- **ACTION ITEM**
Write out, word for word, the part of the listing below that opens with the line containing "One Shoulder Knit" and closes with the line containing "โฆษณาใน facebook ไม่สามารถรีเซ็ทวงเงินได้ค่ะ", keeping both of those lines and adding no others.

- **GIVEN RECORDS**
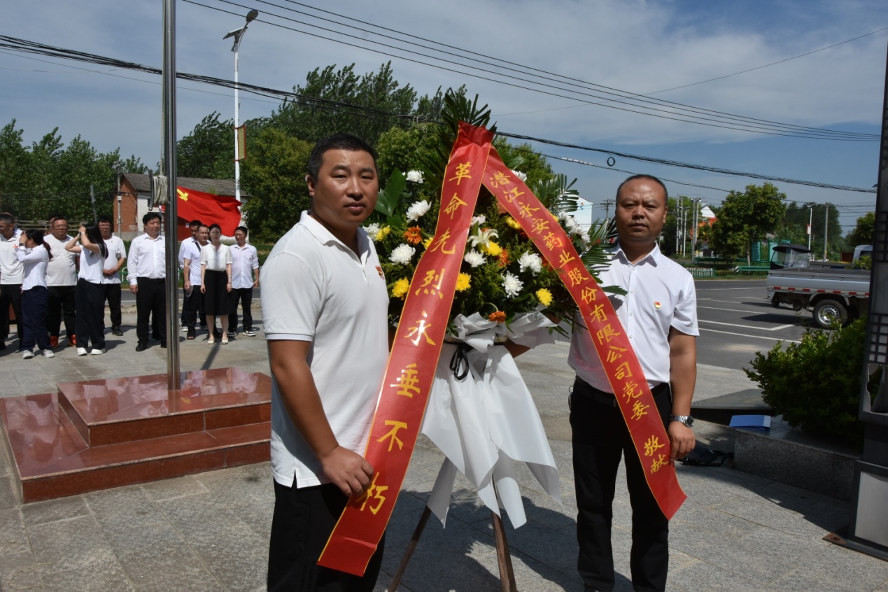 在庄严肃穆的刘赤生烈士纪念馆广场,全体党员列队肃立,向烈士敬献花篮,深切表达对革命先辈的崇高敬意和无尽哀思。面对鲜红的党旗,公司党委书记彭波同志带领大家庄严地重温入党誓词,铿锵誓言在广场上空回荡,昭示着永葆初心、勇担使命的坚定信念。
--
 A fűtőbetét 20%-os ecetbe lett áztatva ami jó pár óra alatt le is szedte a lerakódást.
==
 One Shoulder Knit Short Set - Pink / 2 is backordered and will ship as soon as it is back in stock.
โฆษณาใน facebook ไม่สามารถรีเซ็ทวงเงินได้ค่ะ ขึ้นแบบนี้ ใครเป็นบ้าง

- **SOLVED EXERCISE**
 One Shoulder Knit Short Set - Pink / 2 is backordered and will ship as soon as it is back in stock.
โฆษณาใน facebook ไม่สามารถรีเซ็ทวงเงินได้ค่ะ ขึ้นแบบนี้ ใครเป็นบ้าง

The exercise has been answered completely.